Need advice for a 2TB RAM && Dual-GPU system for parallel processing

Good evening all!

Basically, I’m trying to build a 1TB ECC RAM system with dual 4090s to meet my client’s specifications. Their entity deals with massive amounts of data-processing (mostly parallel processing) and has a decent budget for this build.

Currently, I’m considering the following parts:

MOBO: ASUS Pro WS WRX80E-SAGE SE WIFI motherboard (since it supports up to 2TB of RAM and only requires a single CPU);

CPU: AMD Ryzen Threadripper PRO 3995WX 64-core, 128-thread CPU (since it’s capped out at 2TB of RAM, I thought it’d be a good pick for high CPU core-count as well as support for 2TB of DDR4 ECC server-grade LRDIMM RAM);

RAM: 8 x Micron 128GB DDR4-3200 LRDIMM 4Rx4 CL22 (model: MTA72ASS16G72LZ-3G2R);

PSU: Unknown (may need a dual PSU setup, but I’d like advice if this is both possible and reliable);

CPU Cooler: Unknown (Custom water loops are unfortunately not an option for maintenance reasons);

Case: considering the Phanteks Enthoo Pro 2 (since it allows for a dual PSU setup if the wattage exceeds 2000W for titanium rating);

GPU: 2 x MSI RTX 4090 liquid-cooled w/ the 240mm AIO (even though SLI isn’t possible, is NVLINK reliable to link both GPUs for distributed workload? I’d like to somehow make 4 x MSI RTX 4090 liquid-cooled possible, but I fear dimensions on the board side, temperature problems, etc. will arise if I try putting 4x MSI 4090s in the build;

Storage: 2 x 1TB 980 Samsung Pro NVME drives (put into a RAID1 format for mirroring purposed);
Storage: 1 x 4TB 5400RPM Seagate Ironwolf NAS HDD (to make redundant system-image backups on it for extra data backup redundancy);

Lastly, system must be ran on Windows 10 and not Windows 11. Not sure if Windows 10 will be able to fully utilize the modern hardware but I’d like some advice if this requirement will be an issue with the hardware I’m currently planning on;

That’s as far as I got in terms of components…

Definitely need to figure out:
-The PSU issue, must be titanium power-rating
-The CPU cooler (probably will need to be air cooled but I’m afraid the dimensions won’t fit;

I estimate with all these components, assuming only 2 x RTX 4090s, will draw ~2500W as a maximum based on the components TDP specified by the manufacturers;

Any advice would be great and criticism on my current plan is welcomed as well!

Thank you for your time!

If you want NVLink you’ll have to go with a professional card like the RTX 6000 - the 4090 doesn’t support it.

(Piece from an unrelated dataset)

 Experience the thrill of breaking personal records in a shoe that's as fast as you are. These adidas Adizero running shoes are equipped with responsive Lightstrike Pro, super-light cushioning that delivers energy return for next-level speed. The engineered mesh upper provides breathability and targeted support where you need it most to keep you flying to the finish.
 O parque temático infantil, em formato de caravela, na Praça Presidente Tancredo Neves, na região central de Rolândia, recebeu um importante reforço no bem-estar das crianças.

^^This I messed up and ordered 2x 4090 and didn’t realise not NVLink, so went back to my Dual A5000s, wish they still supported NVLink on xx90 cards

I would go with bigger drives like 4TB so you have more space left if you hibernate.

That mainboard should come with an extra PCIe x16 Nvme SSD carrier card. Check that on the page.

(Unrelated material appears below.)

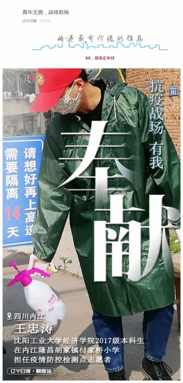 3月5日,《辽宁日报》以“青年无畏 战场有我”为题,报道了我校学生王忠涛等多名辽宁大学生,义无反顾的冲向疫情防控最前线,用无畏、果敢的行动,展现青年风采,履行使命担当,为90后、00后写下闪光篇章。报道中指出,王忠涛是我校经济学院2017级本科生,疫情期间在家乡担任疫情防控检测点志愿者,用主动作为诠释青年担当,用实际行动履行青年使命,值得广大学生学习。
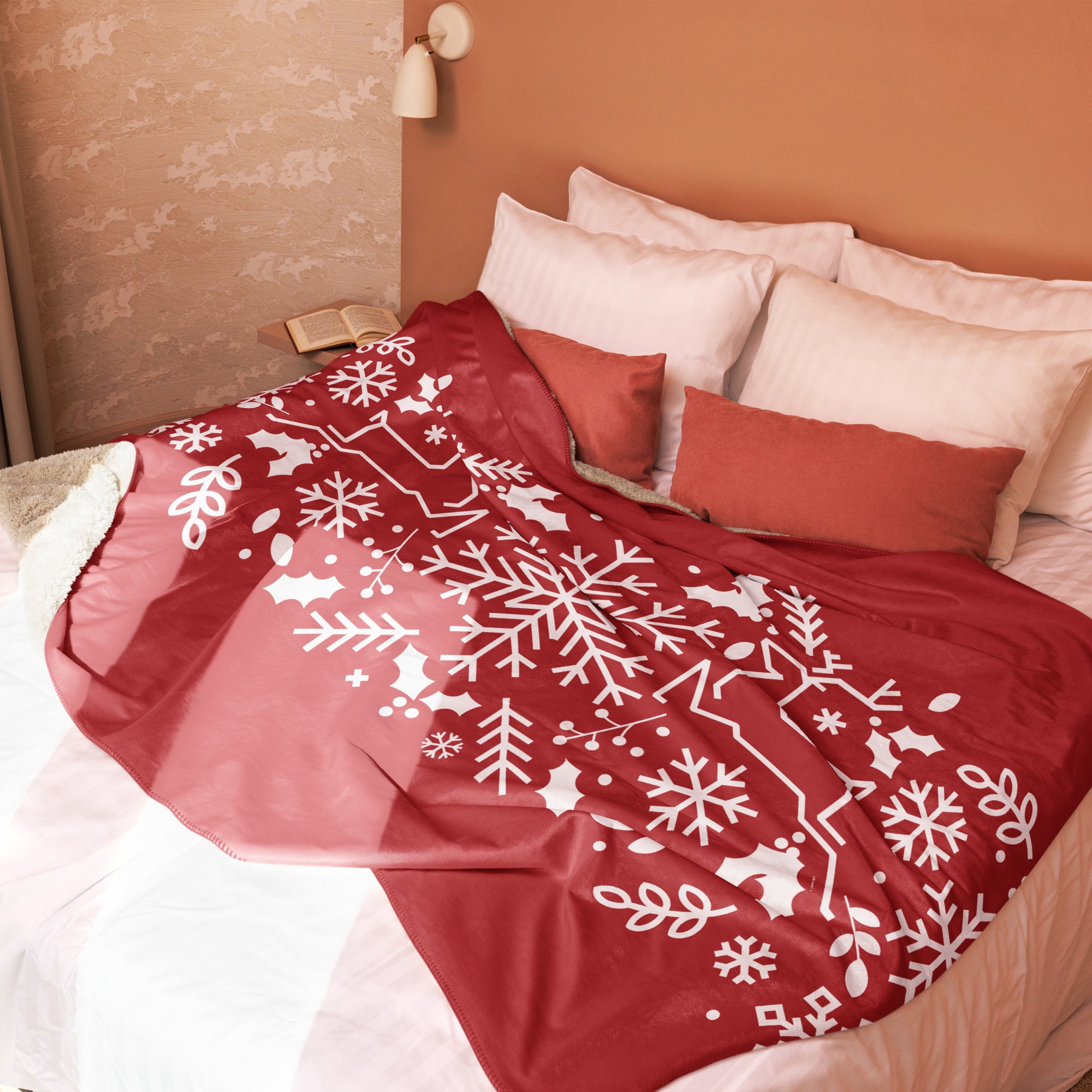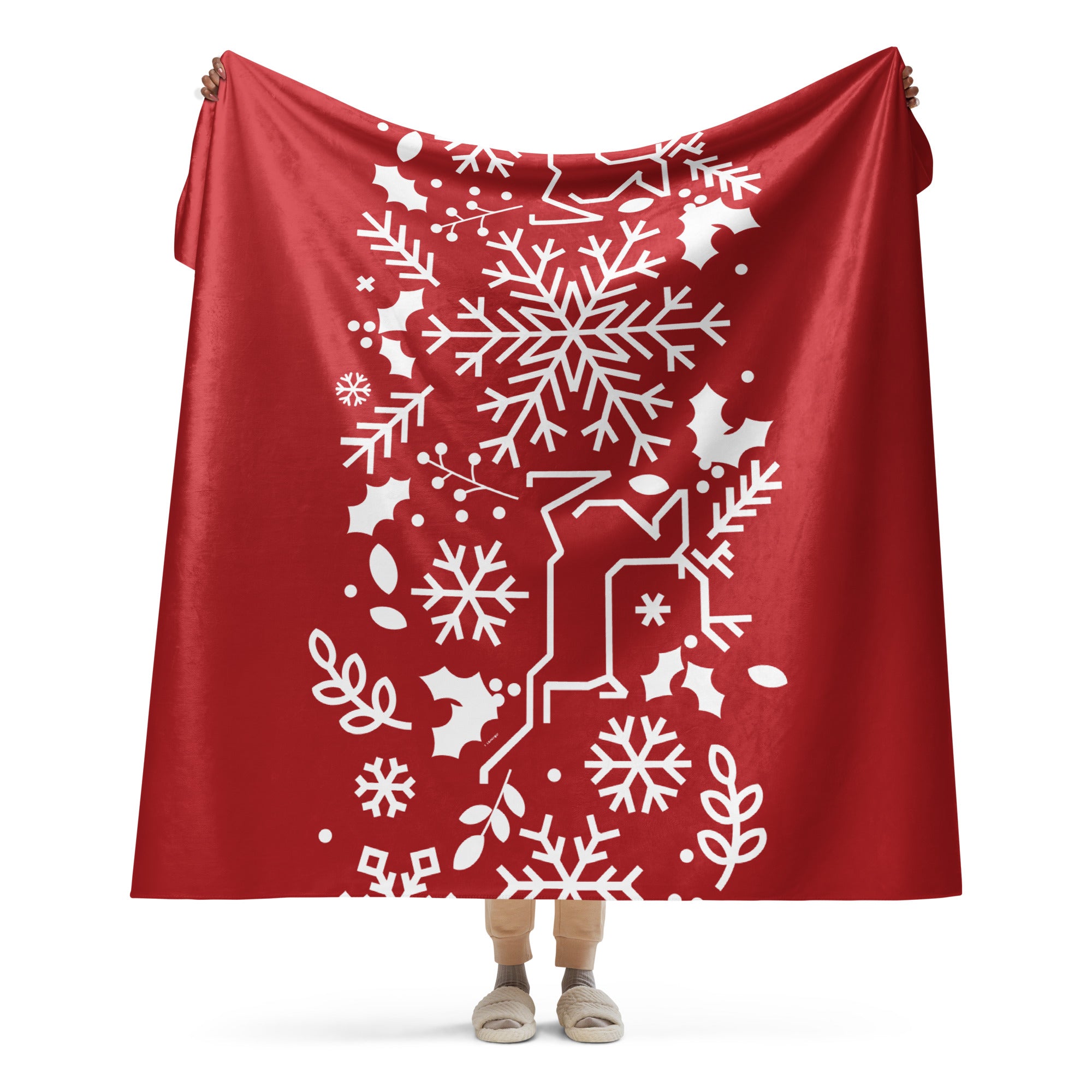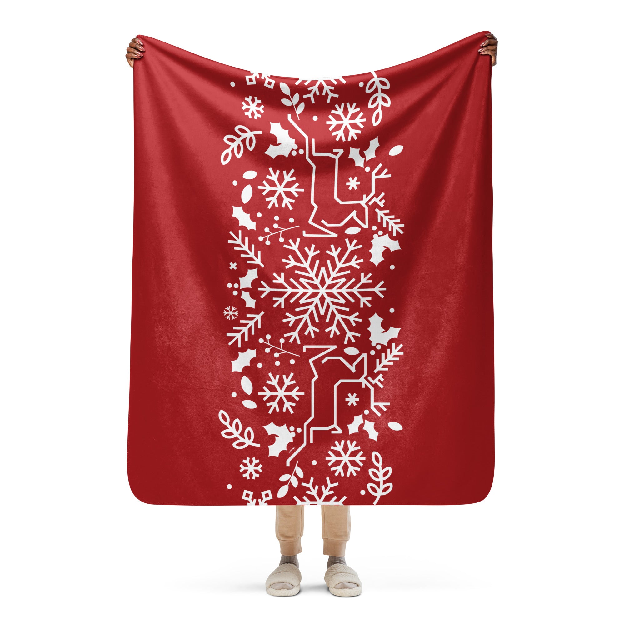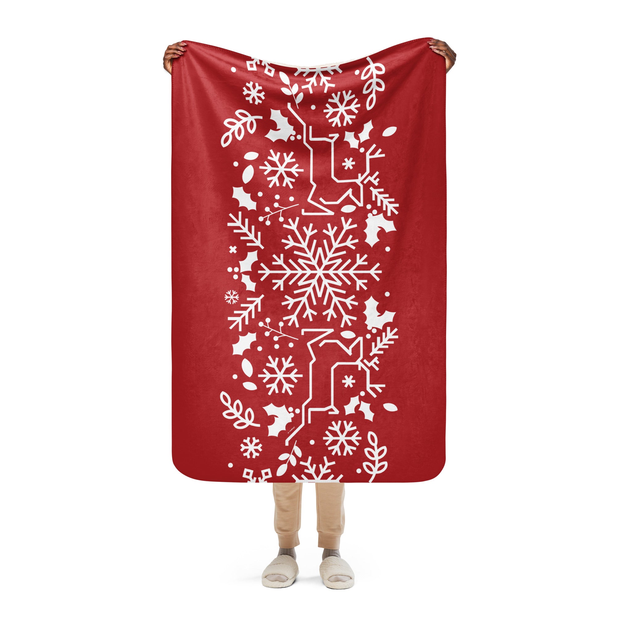 Bring holiday spirit into your home or surprise someone special with this festive sherpa blanket, designed to keep you warm and stylish all winter long.

If you want to use every slot you need PCIe riser cables that support PCIe 4.0 and a different case or something DIY.

These are suggestions for the EU, the prices in the US region might differ.

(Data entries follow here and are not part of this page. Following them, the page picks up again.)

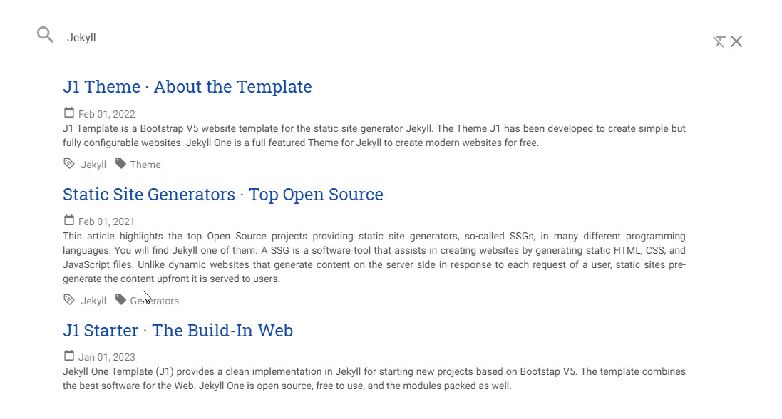 jekyllThe above will return all documents that match the term jekyll. Searches for multiple terms (words) are also supported. If a document matches at least one of the search terms, it will show in the results. The search terms are combined by an logical OR.
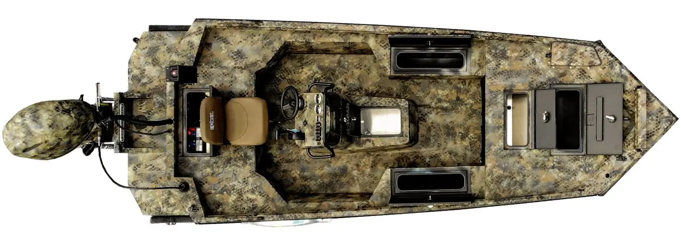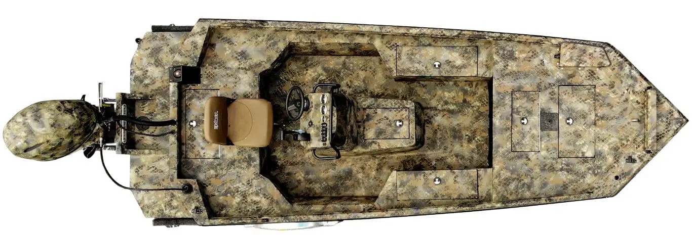 This boat was built with toughness in mind and .125 gauge 5086 grade aluminum hull, and it means business. This rough-n-ready boat is at home in the duck marsh or as your go-to fishing rig. Standard features include a fuel tank, front deck livewell, twin gun boxes, F4-step deck and streamlined aluminum center console. Ideal for the Mud Buddy HDR 5400EFI or any outboard up to 90HP.
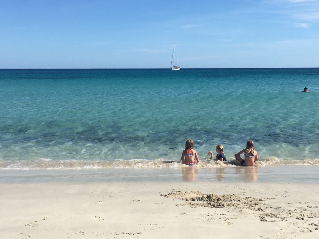 (November 21-22, 2017) We had to get through school the next morning before we could go play on the beach with London. I was hoping the beach date with the girls’ new friend would motivate them, but school that day was an unnecessarily long process – as usual. It was nearly lunchtime before the girls finished their work, and after packing a quick beach lunch, we headed for land. Rich stayed behind to work on a few boat projects.

The Big Gen4 SSD Roundup - Best SSDs for PC & Playstation 5 in 2022

4TB SSDs Worth Buying - Transcend 250

You might have to go with an AIO or custom loop water cooling.

Custom loops are expensive and AIOs are cheaper.

Use quick disconnects if you use a custom loop.

The custom loop water cooling can be very reliable if you carefully choose components and clean them before you use them.
They might still contain residues from the factory.
There are dual pump cases for redundancy and several sensors.
But it is a hassle when it comes to maintenance.

Do not use those pressure equalizer filters for the loop. You will get algae or other goop in your loop. Seal off the loop.

Leave enough air in the reservoir or the pressure can burst your loop.
Have a look at the reservoir and the volume the water takes at different temperatures. The bigger the loop the bigger the change in volume.

Don’t mix the wrong metals or you speed up corrosion.
Like copper and aluminum if I recall correctly.
Check the galvanic properties / tables.

Don’t use non clear fluids or you gunk up your CPU and GPU cooler.
No fancy liquids.

Maybe it would be better if you get an AMD and a NVIDIA card so you can run apps on the hardware they are fastest on.
It might be a compatibility nightmare. I never tested it so beware.

I guess only the datacenter GPUs support SR-IOV.

Linux might not be the best option for virtualization if you don’t want to constantly tinker and don’t get me started on platform support.
Just have a look at lm-sensors (Linux) and hwinfo (Windows).
You gonna love lm-sensors.
It’s sarcasm if you don’t already know.
lmsensors is about as useless as it gets. If you are lucky it finds your CPU temps.